One client who came to see me recently has a diagnosis of secondary breast cancer, and quite understandably has often felt despondent about her situation. After her first consultation with me she wrote: ‘My own path is one of deteriorating health and ongoing courses of chemo. I accept “where I am” but recently faced starting a new, stronger chemo regime and became rather melancholy. I decided that over and above medical treatment I needed to keep my own energies in balance in order to cope well and enjoy the present.’ I recommended a mixture of flower remedies including Gentian, which helps to restore faith for those who are feeling disheartened by setbacks in life.

My client’s report continues ‘Imagine my delight around five days after starting the remedies to realise that the melancholy feelings had completely lifted. By the first day of my new chemo regime I was able to hold my head high and present at the appointment in comfort and with confidence…I am convinced that the flowers have helped beyond measure’.

Many of the other remedies from the total of 38 may be indicated in cancer care settings, sometimes for relatives and staff as well as patients themselves. Examples would include Mimulus for courage in the face of understandable fears; Red Chestnut to calm anxiety on behalf of others; Star of Bethlehem to provide comfort at times of shock or sorrow.

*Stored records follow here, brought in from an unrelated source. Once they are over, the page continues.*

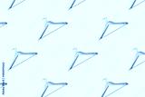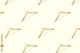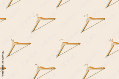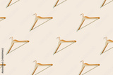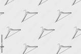 Many coat hanger on pastel background with shadows. Concept for sale, shop, store, second hand, online trade, brand resale platform. Pattern. Retail, business concept. Banner
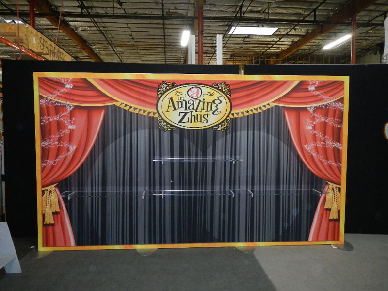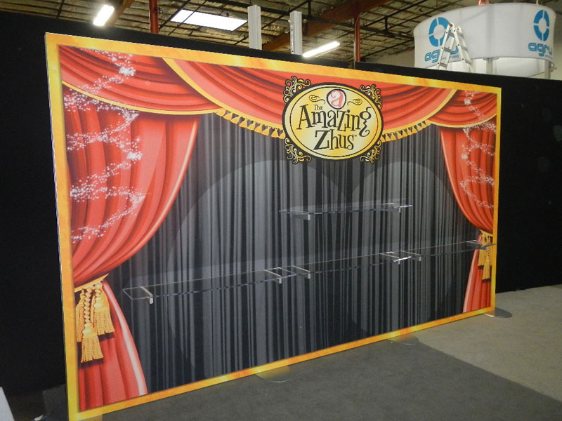 RENTAL: Extrusion Backwalls with SEG Fabric Graphics and (4) Clear Acrylic Shelves
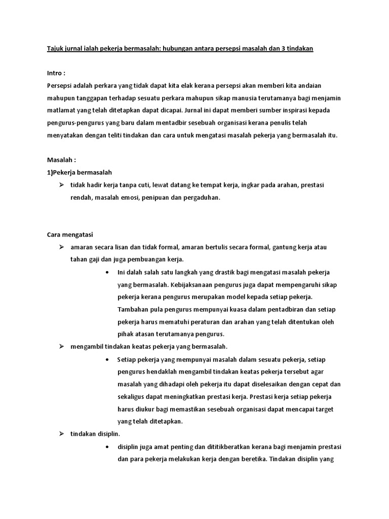 Pekerja Bermasalah Dan Cara Mengatasi Pdf
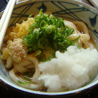 今日のおひるは讃岐うどん。自分でおろした大根おろしを入れて、ネギと天かすとごま。
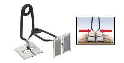 These seam squeezers are made with a powerful torsion spring and two grippers that are oriented inwardly to pull seams together. Sold in a set of two. They are helpful on glue-down carpet installations to pull and hold seams together. Pulling force can be controlled with the amount of hand pressure. The spring arms are vinyl-coated for comfort. Nap grips are replaceable: Part No. 1180-A. Net weight: 3 lb./set
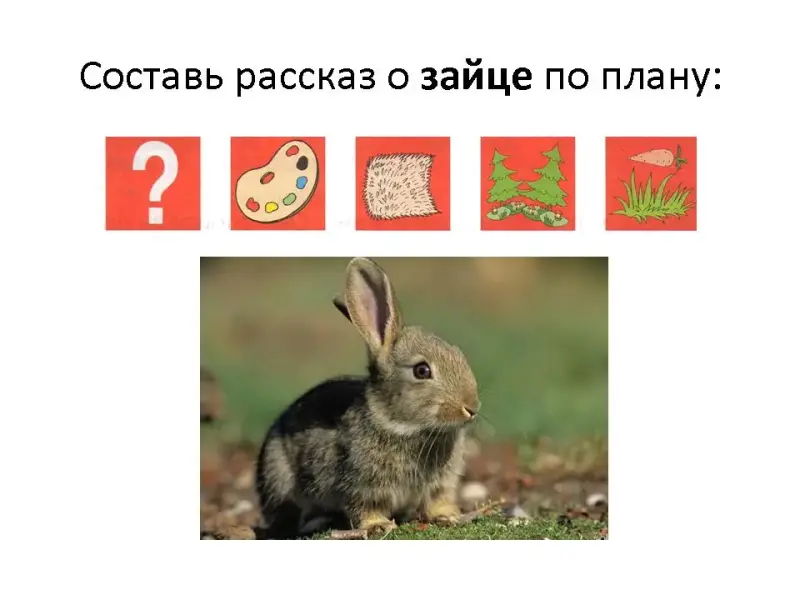 г) Упражнение в составлении рассказа о зайце по опоре-схеме. (слайд 9)
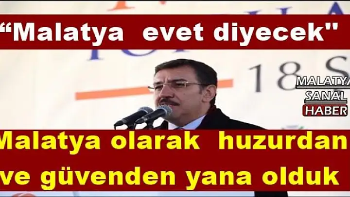 15 Temmuz hain darbe girişimine karşı Malatya'nın dimdik durarak alçaklara geçit vermediğini hatırlatan Bakan Tüfenkci, “28 Şubatlara, 15 Temmuzlara geçit vermeyen Malatya tabi ki ülkemizin istikrar ve geleceği için cumhurbaşkanlığı hükümet sistemine ‘evet' diyecektir. Bunun için Malatya olarak gece gündüz demeden çalışmaya, en yüksek oy oranını Malatya'dan çıkarmaya söz veriyoruz. Bütün Türkiye'ye haykırıyoruz; Malatya olarak biz istikrardan yana, huzurdan ve güvenden yana olduk. Biz, milli birlik ve beraberlikten yana olduk, bunun için de her zaman cumhurbaşkanlığı sistemine ‘evet' diyoruz” şeklinde konuştu.
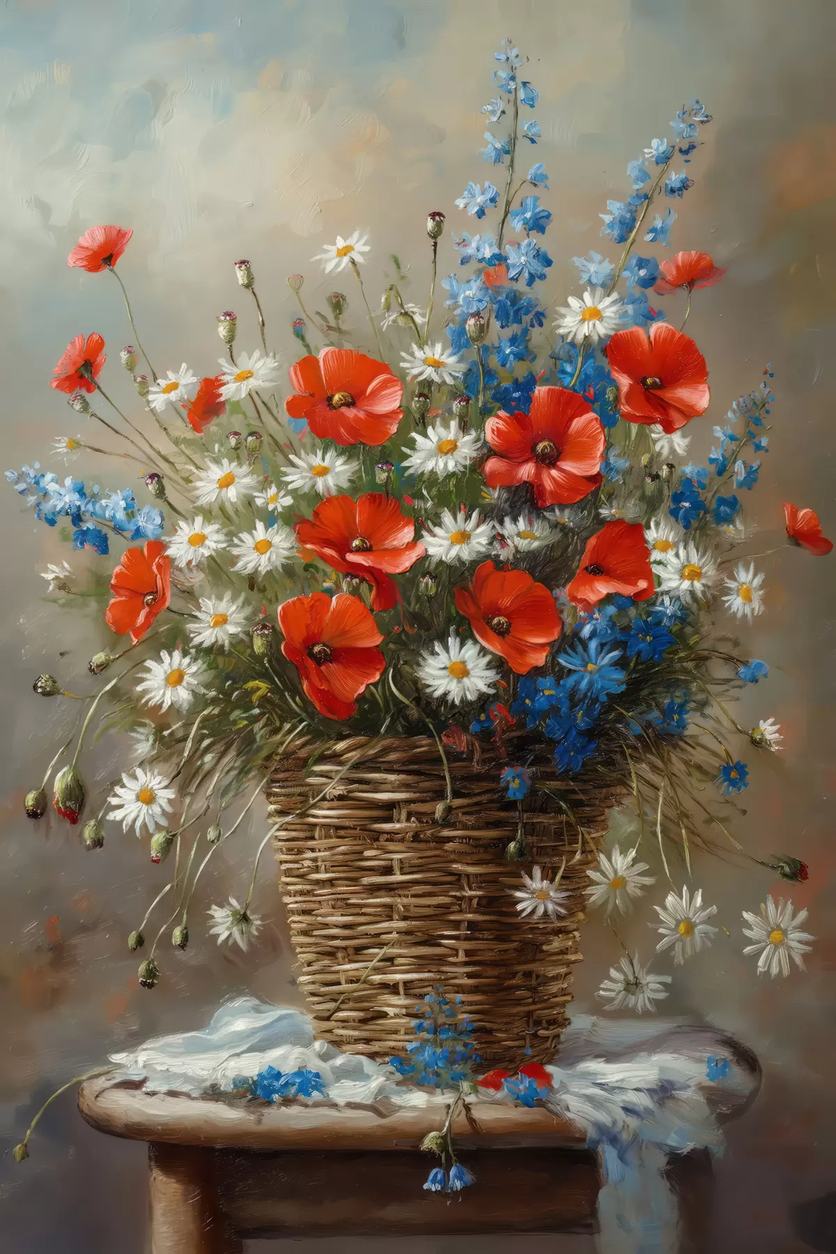 Plakatas lauko gėlių puokštė krepšelyje f40262

Some clients want to go to deeper levels; a cancer diagnosis can be the impetus to change a longstanding psychological imbalance such as a chronically pessimistic outlook, or a tendency to suppress feelings and desires in order to please other people. The flowers can help in such cases too.

Although the question of whether having a positive mindset improves the medical prognosis for cancer is still debated, it will certainly improve general well-being and make it easier to cope.

Up to six flowers, selected for each individual according to how they feel at the present time, can be combined in the same mixture. The remedies themselves have no side effects, but they are made up with a small amount of brandy as preservative and although the alcohol concentration is miniscule there is a theoretical risk of interaction with some prescription drugs, so please check with your doctor if they are safe for you to use.

Further Reading: Barraclough, J (ed) 2007. Enhancing Cancer Care: Complementary Therapy and Support. Oxford University Press, Oxford.